- [DATA FOR THIS TASK]:
━━━━━━━━━━━━━━━━━━━━━━━━━━━━━━

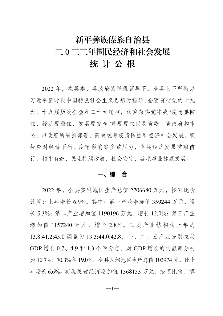 新平彝族傣族自治县2022年国民经济和社会发展统计公报.pdf
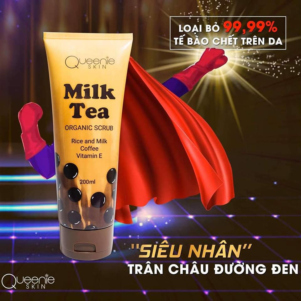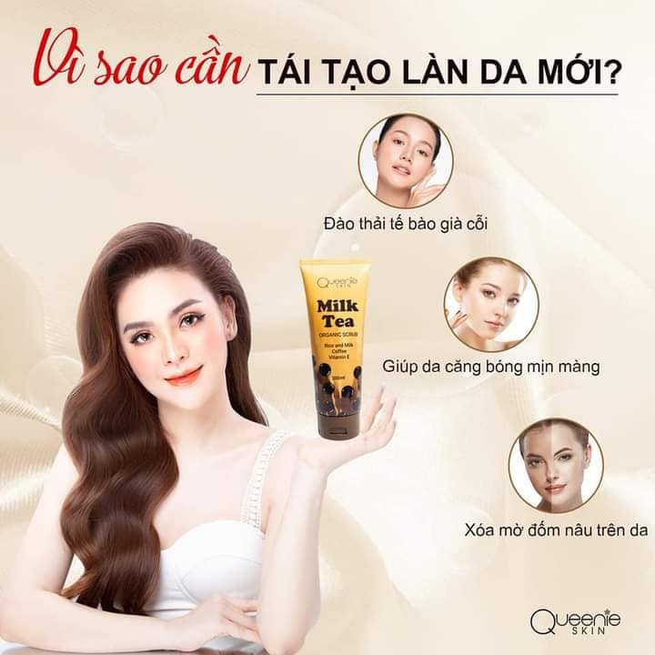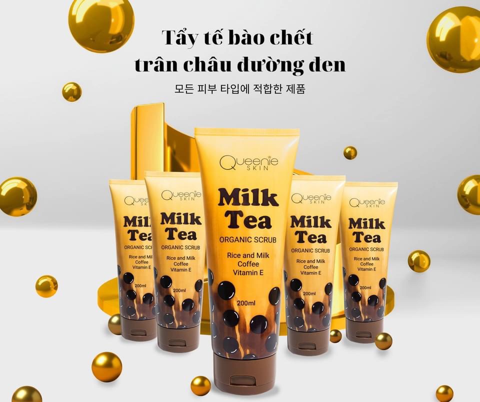 – Phân phối sỉ tẩy tế bào chết Milk Tea trân châu đường đen Queenie Skin chính hãng
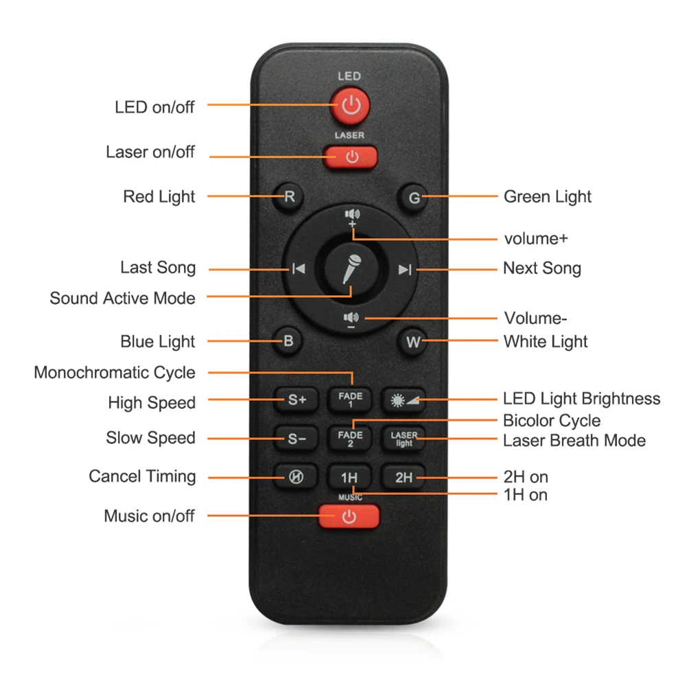 2. Пульт дистанционного управления может регулировать цвет водяного рисунка Авроры, скорость водяного рисунка Авроры, режим, совместимый с Bluetooth, одиночное управление водяным узором Авроры, одиночное лазерное управление, яркость, управление музыкой, управление звуком, режим выбора, Функция синхронизации, переключатель;
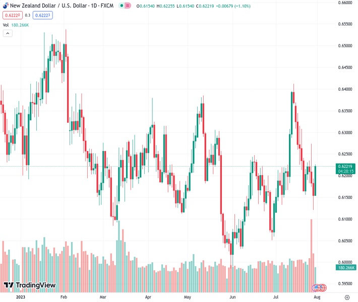 NZDUSD currently trading at 0.6219 at the time of writing. Pair opened at 0.615 and is trading with a change of 1.12 % .
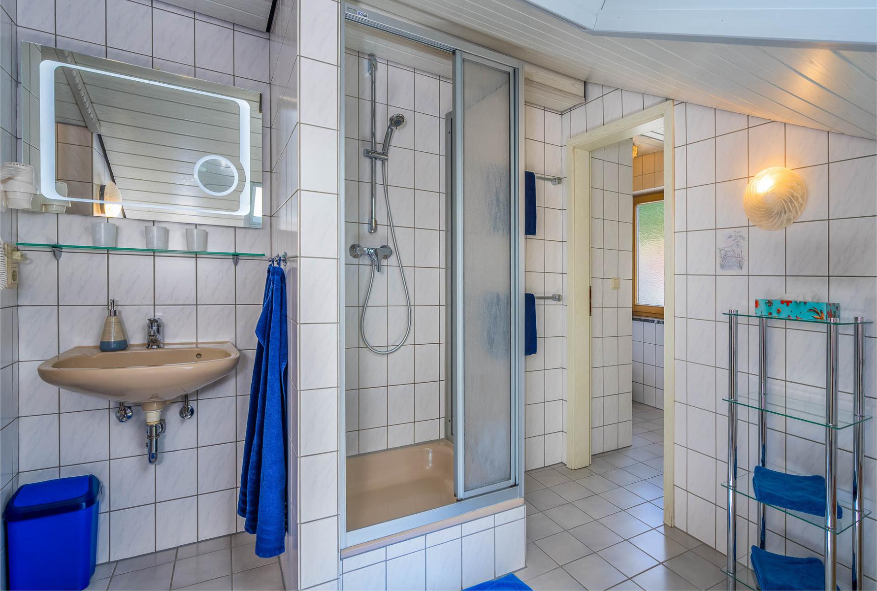 • Badezimmer mit Dusche, Ganzkörperspiegel, Schminkspiegel und Föhn
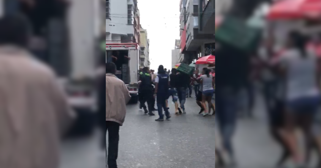 La escena ocurrió en el centro de Armenia donde se generó una fuerte riña entre algunas personas y dos uniformados de la Policía.
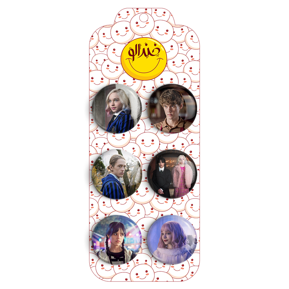 مجموعه 6 عددی پیکسل خندالو طرح سریال ونزدی (Wednesday) با روکش سلفون حرارتی براق ضدخش و قطعه پشتی رنگی تولید شده است. قطعات پشتی از میان 6 رنگ سفید، مشکی، صورتی، زرد، آبی و قرمز که با توجه به نوع و رنگبندی طرح روی پیکسل انتخاب شده اند تولید می شود و در هر بسته بندی مطابق عکس محصول می باشد.
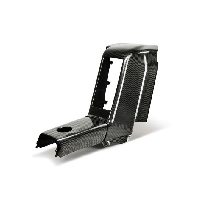 Seibon carbon fiber OEM style rear center console for 2009-2020 Nissan R35 GTR. This piece replaces the factory center armrest cup holder between the back rear seats with a glossy carbon fiber finish. Part number RCC0910NSGTR.
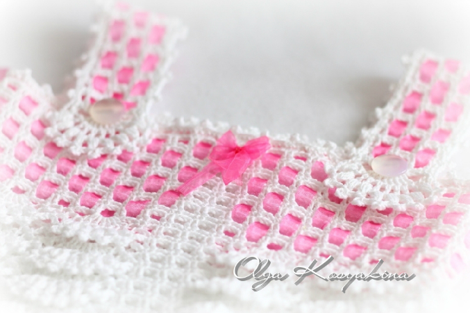 вязали такую красоту в он-лайне, вяжется легко, быстро) хлопок вита коко, крючок 1,25. ленты из органзы, пуговки. вязала для доченьки. бретельки сделала на пуговках.
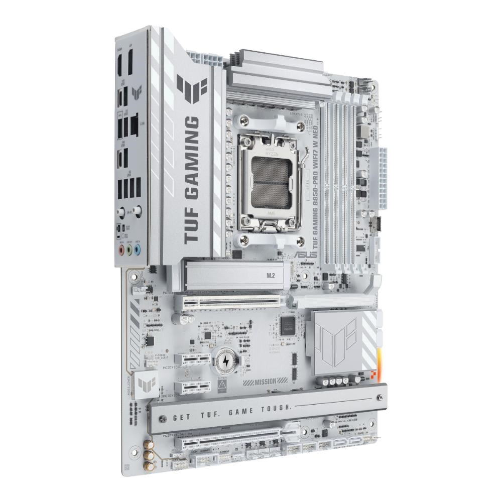 ASUS TUF GAMING B850-PRO WIFI7 W NEO takes all the essential elements of the latest AMD Ryzen™ processors and combines them with game-ready features and proven durability. Engineered with an upgraded power solution and a comprehensive cooling system, this motherboard goes beyond expectations with rock-solid and stable performance for marathon gaming. TUF GAMING motherboards also undergo rigorous endurance testing to ensure that they can handle conditions where others may fail. This platform delivers the power and connectivity that advanced AI PC applications demand.
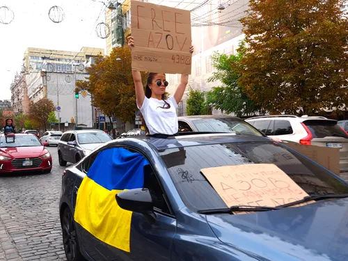 Oamenii se adună de o parte și de alta a bulevardului Bohdana Khmelnyts, aproape de intersecția cu bulevardul Khreschatyk, purtând bannere prin care solicită eliberarea luptătorilor din Regimentul Azov care au apărat orașul Mariupol, dar și a altor militari ucraineni aflați în captivitate.
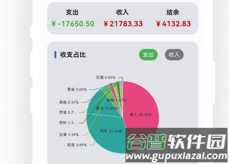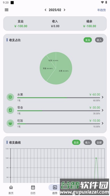 6、点击底部趋势按钮,可查看收支比例图表、收支曲线等统计信息。
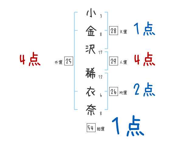小金沢稀衣奈さんの画数の鑑定結果
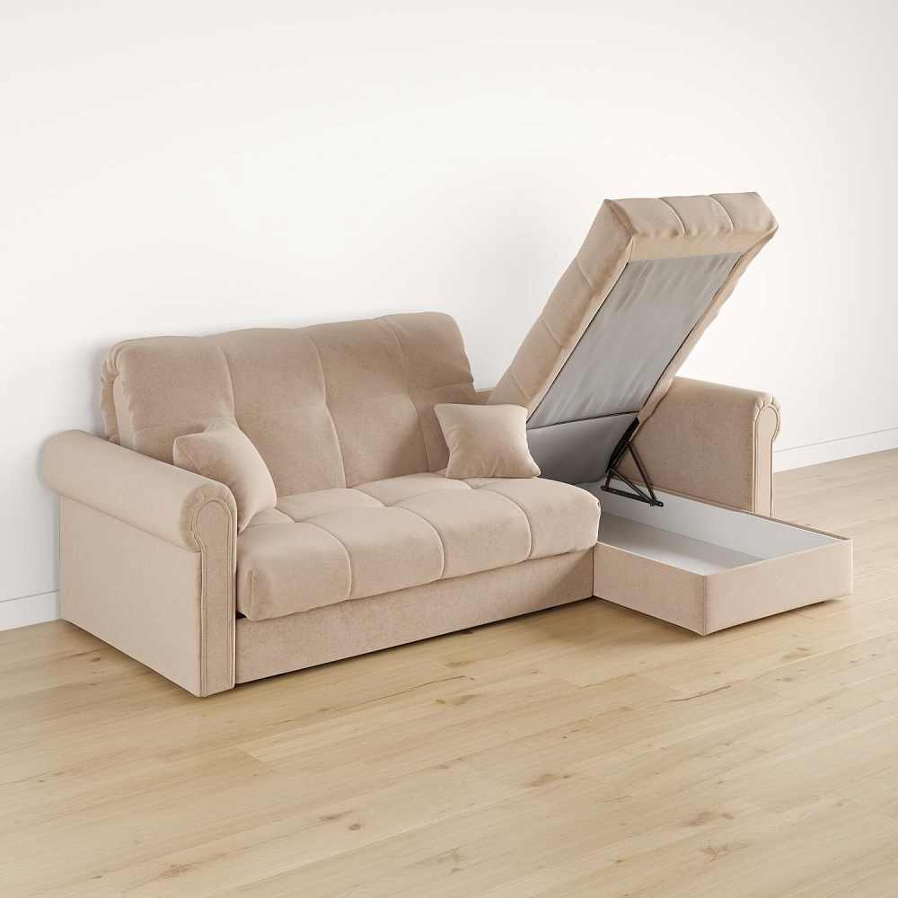 - Короб для белья. В оттоманке дивана скрыт просторный бельевой ящик, в котором можно разместить все необходимые постельные принадлежности.
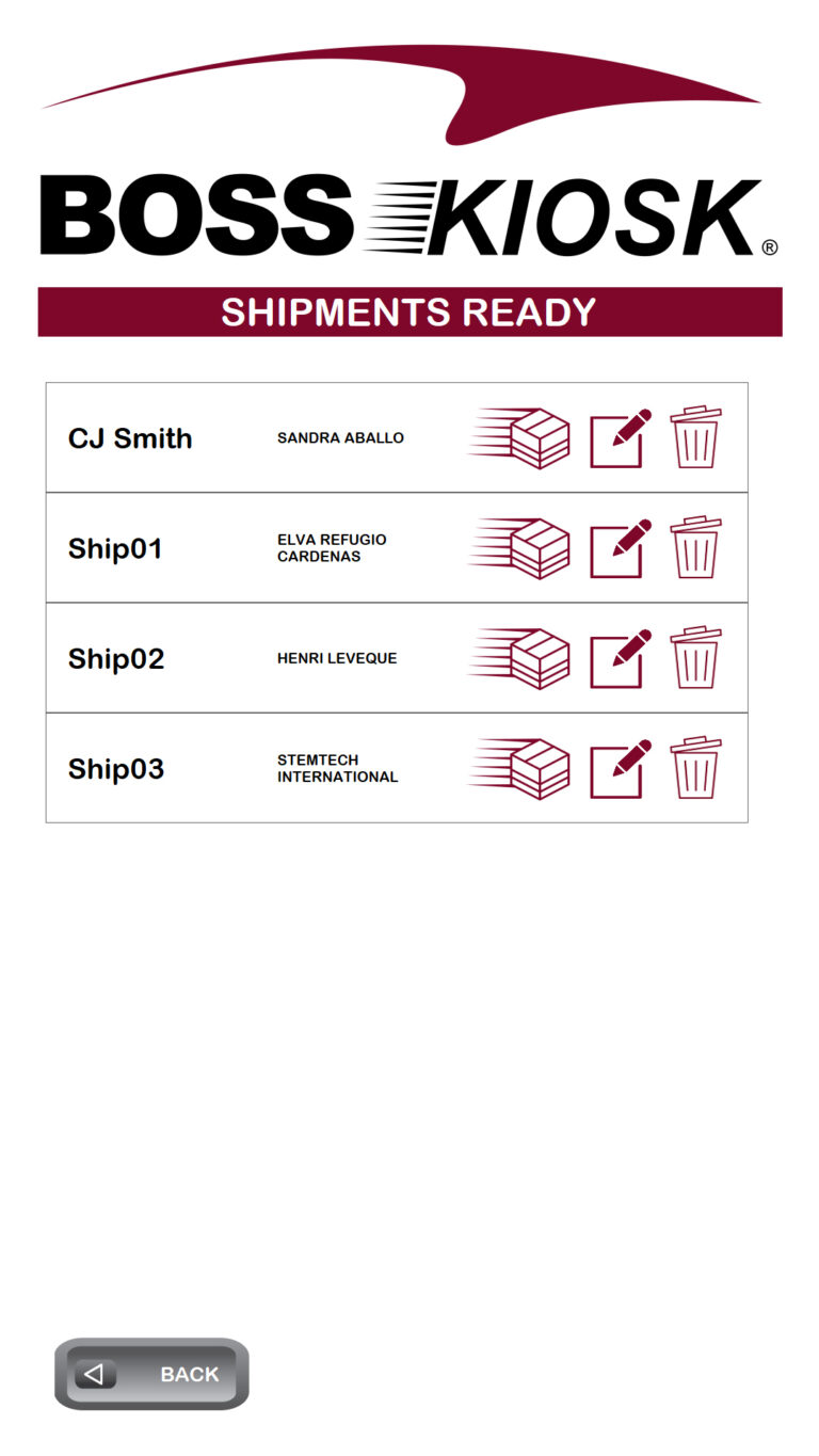the Kiosk screen. The BOSS Kiosk Parcel Dimensioning

━━━━━━━━━━━━━━━━━━━━━━━━━━━━━━

What is needed is a word-for-word restatement of the lines from the one holding "- Короб для" to the final line of the data above, inclusive, without any pictures.

 - Короб для белья. В оттоманке дивана скрыт просторный бельевой ящик, в котором можно разместить все необходимые постельные принадлежности.
the Kiosk screen. The BOSS Kiosk Parcel Dimensioning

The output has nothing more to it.